■ YOUR ASSIGNMENT: Please give the records below again in full, exactly, with the images left out.
╭──
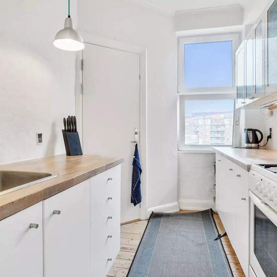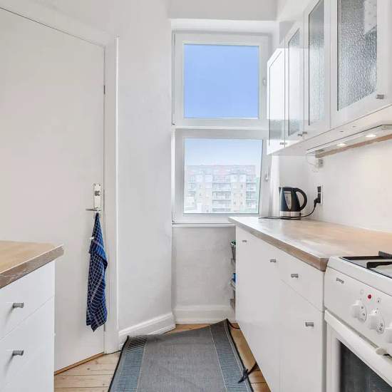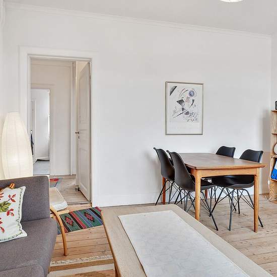 Lejligheden ligger på 2. sal i en bygning uden elevator og byder på et funktionelt og lyst hjem – perfekt til dig, som ønsker en god base i Aalborgs bymidte. Når du træder ind, mødes du af en god planløsning med separat stue og soveværelse, som giver mulighed for både hyggeligt ophold og roligt privatliv. Boligen er ikke møbleret, hvilket giver dig frihed til at sætte dit eget præg på indretningen. Køkkenet har plads til daglig madlavning, og der er installeret vaskemaskine, så hverdagens praktiske opgaver er lette at klare. Lejligheden er...
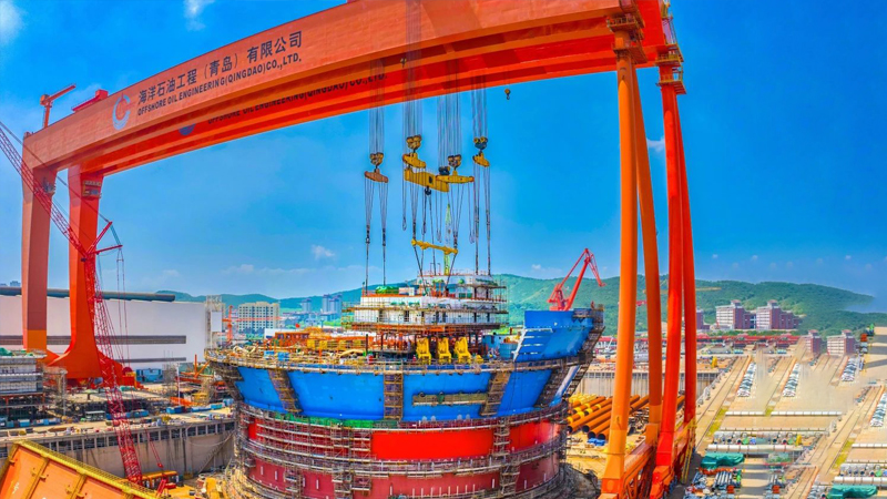 2023年12月,由我國自主設(shè)計(jì)建造的亞洲首艘圓筒型“海上油氣加工廠”“海洋石油122”浮式生產(chǎn)儲卸油裝置——“海葵一號”超級能源碗在青島完成主體建造,巨力索具提供800噸吊梁、400噸、500噸吊排及配套索具組成成套吊裝系統(tǒng),全程配合吊裝順利進(jìn)行。
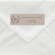 A mocha, brown colored background. Decorated with a wreath. Personalize and add your name, address and family monogram initial. Warm taupe colored text.
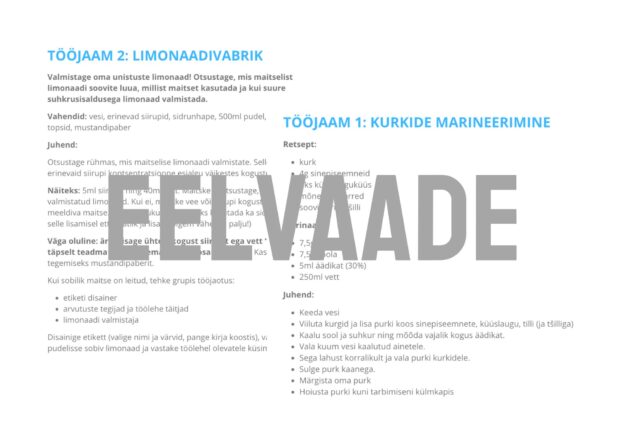 Juhendid on õpilastele lugemiseks ja selle järgi töötamiseks, tööleht täitmiseks.
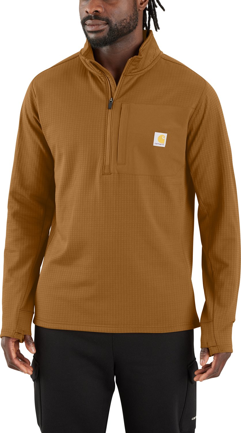 Focus on the job with the Carhartt Men's Force Relaxed Fit 1/2-Zip Sweatshirt. The polyester and elastane grid fleece fabric provides a warm and comfortable feel, while the Grid-Back fleece promotes breathability. Carhartt Force and FastDry technology fights odors and wick away sweat to keep you cool, dry and fresh.
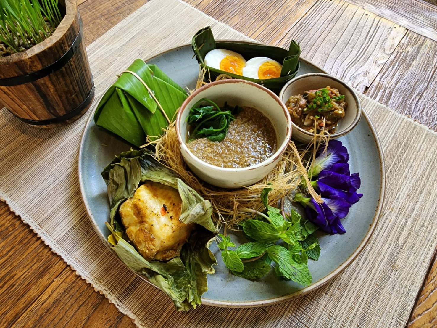 Inspired by the blooming season, classic Northern mob pu is a rich crab broth which wafts sweet aromas. Served with roasted rice and seasonal vegetables, there is also a slice of marinated grilled Siam red tail catfish in chilli paste and a spicy eggplant dip to round off this rather wonderful course.
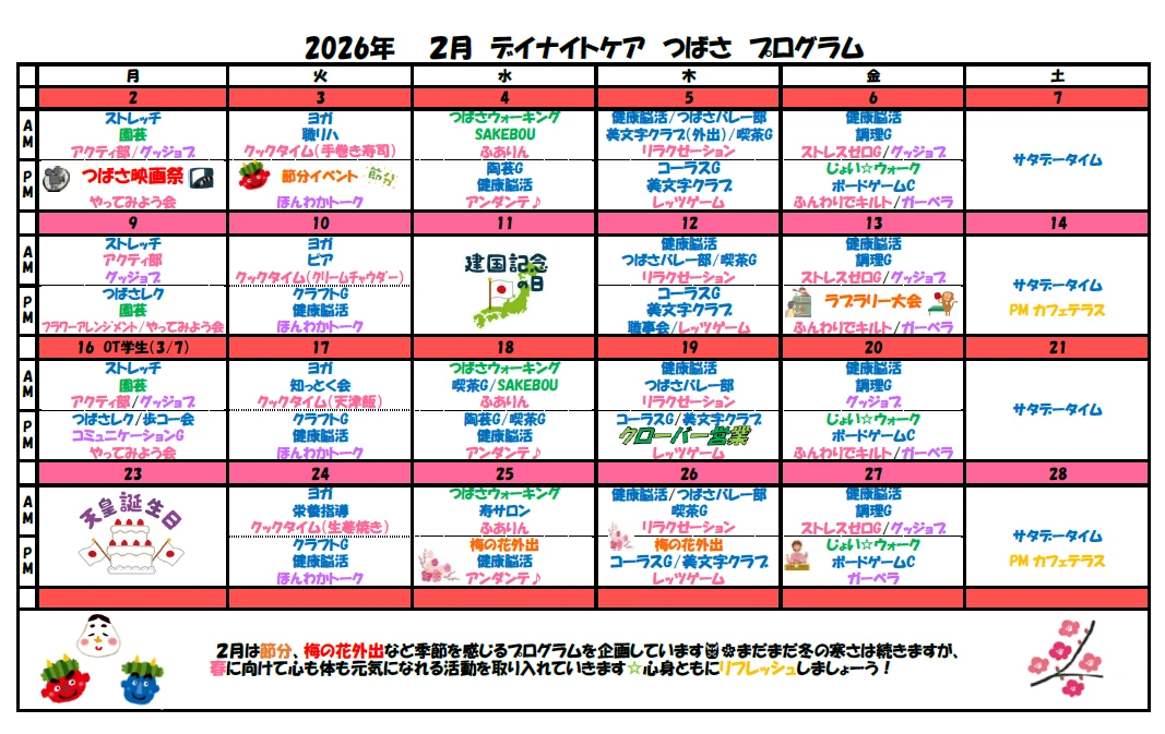 2月は節分、観梅会などありますので、こうご期待。
╰──
■ ANSWER SECTION:
 Lejligheden ligger på 2. sal i en bygning uden elevator og byder på et funktionelt og lyst hjem – perfekt til dig, som ønsker en god base i Aalborgs bymidte. Når du træder ind, mødes du af en god planløsning med separat stue og soveværelse, som giver mulighed for både hyggeligt ophold og roligt privatliv. Boligen er ikke møbleret, hvilket giver dig frihed til at sætte dit eget præg på indretningen. Køkkenet har plads til daglig madlavning, og der er installeret vaskemaskine, så hverdagens praktiske opgaver er lette at klare. Lejligheden er...
 2023年12月,由我國自主設(shè)計(jì)建造的亞洲首艘圓筒型“海上油氣加工廠”“海洋石油122”浮式生產(chǎn)儲卸油裝置——“海葵一號”超級能源碗在青島完成主體建造,巨力索具提供800噸吊梁、400噸、500噸吊排及配套索具組成成套吊裝系統(tǒng),全程配合吊裝順利進(jìn)行。
 A mocha, brown colored background. Decorated with a wreath. Personalize and add your name, address and family monogram initial. Warm taupe colored text.
 Juhendid on õpilastele lugemiseks ja selle järgi töötamiseks, tööleht täitmiseks.
 Focus on the job with the Carhartt Men's Force Relaxed Fit 1/2-Zip Sweatshirt. The polyester and elastane grid fleece fabric provides a warm and comfortable feel, while the Grid-Back fleece promotes breathability. Carhartt Force and FastDry technology fights odors and wick away sweat to keep you cool, dry and fresh.
 Inspired by the blooming season, classic Northern mob pu is a rich crab broth which wafts sweet aromas. Served with roasted rice and seasonal vegetables, there is also a slice of marinated grilled Siam red tail catfish in chilli paste and a spicy eggplant dip to round off this rather wonderful course.
 2月は節分、観梅会などありますので、こうご期待。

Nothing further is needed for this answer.